Provided entries Block Start
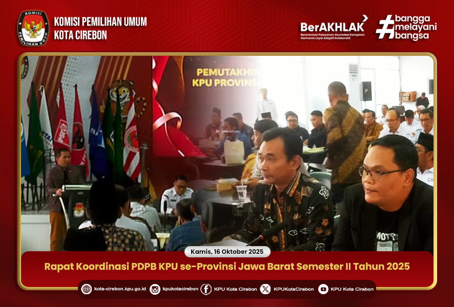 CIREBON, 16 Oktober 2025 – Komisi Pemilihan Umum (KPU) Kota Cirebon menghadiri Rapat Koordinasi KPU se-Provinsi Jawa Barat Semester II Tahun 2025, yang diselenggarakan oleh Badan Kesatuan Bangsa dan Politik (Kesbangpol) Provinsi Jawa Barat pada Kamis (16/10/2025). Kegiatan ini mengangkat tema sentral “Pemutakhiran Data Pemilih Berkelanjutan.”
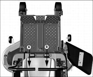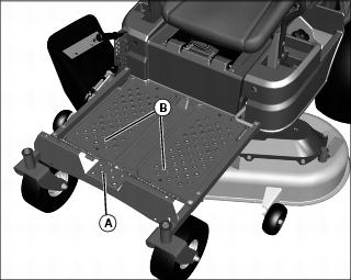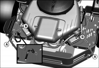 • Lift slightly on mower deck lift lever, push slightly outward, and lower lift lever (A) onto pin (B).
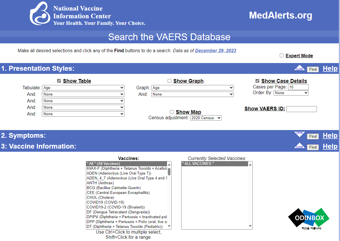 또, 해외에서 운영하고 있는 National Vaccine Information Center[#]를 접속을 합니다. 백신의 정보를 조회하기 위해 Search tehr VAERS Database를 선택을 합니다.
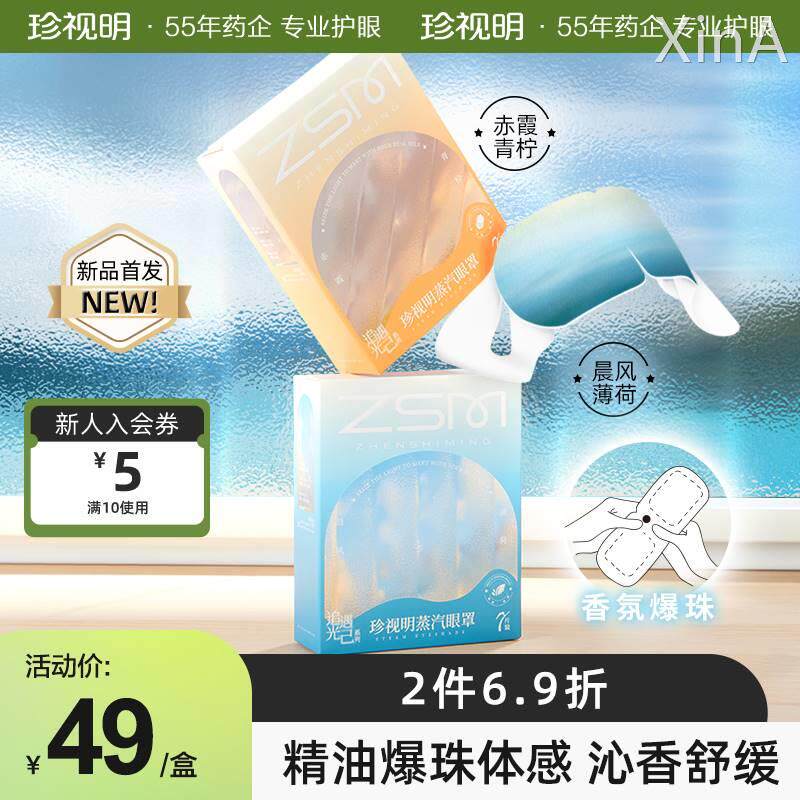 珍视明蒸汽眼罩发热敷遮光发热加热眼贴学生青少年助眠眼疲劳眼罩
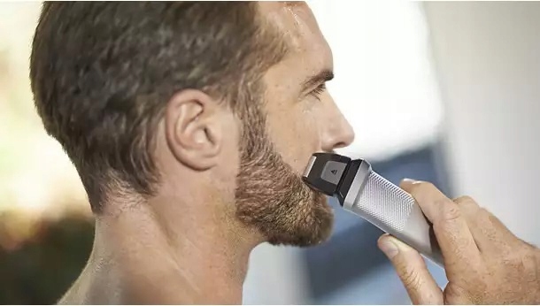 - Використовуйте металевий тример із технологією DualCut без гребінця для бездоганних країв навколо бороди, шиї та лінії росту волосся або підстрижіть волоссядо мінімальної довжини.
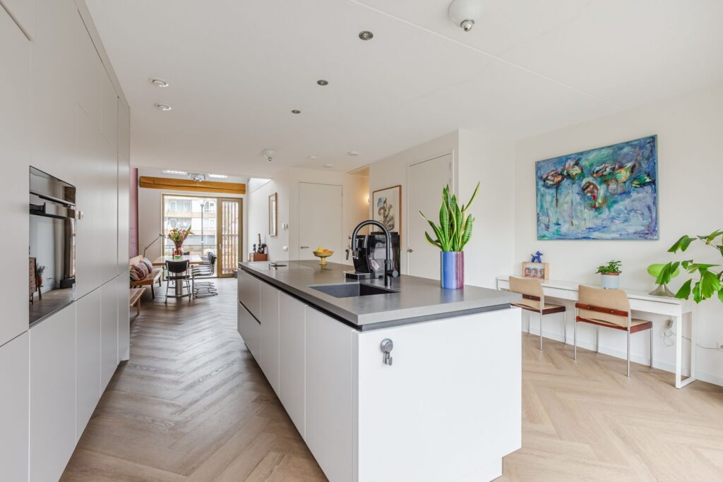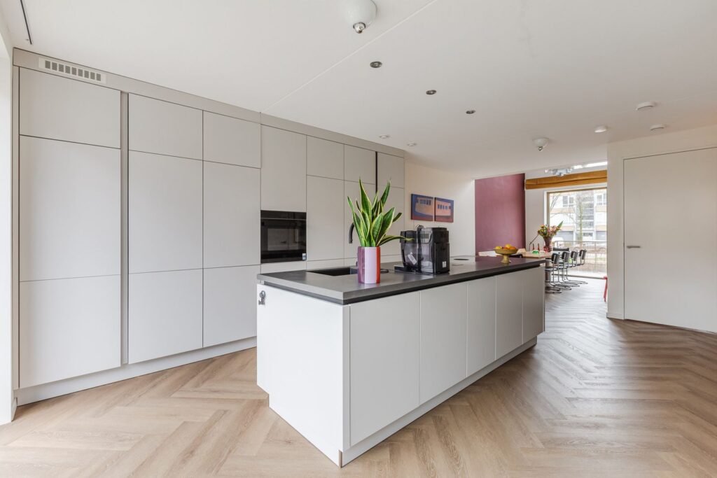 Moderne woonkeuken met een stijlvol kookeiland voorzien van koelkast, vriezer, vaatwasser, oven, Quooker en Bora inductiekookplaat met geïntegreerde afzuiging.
Provided entries Block End
# Task to complete
Beginning at the line that contains "珍视明蒸汽眼罩发热敷遮光发热加热眼贴学生青少年助眠眼疲劳眼罩", transcribe it and every later line through the last line of the data above, exactly, and drop the pictures.

# Reply
 珍视明蒸汽眼罩发热敷遮光发热加热眼贴学生青少年助眠眼疲劳眼罩
 - Використовуйте металевий тример із технологією DualCut без гребінця для бездоганних країв навколо бороди, шиї та лінії росту волосся або підстрижіть волоссядо мінімальної довжини.
 Moderne woonkeuken met een stijlvol kookeiland voorzien van koelkast, vriezer, vaatwasser, oven, Quooker en Bora inductiekookplaat met geïntegreerde afzuiging.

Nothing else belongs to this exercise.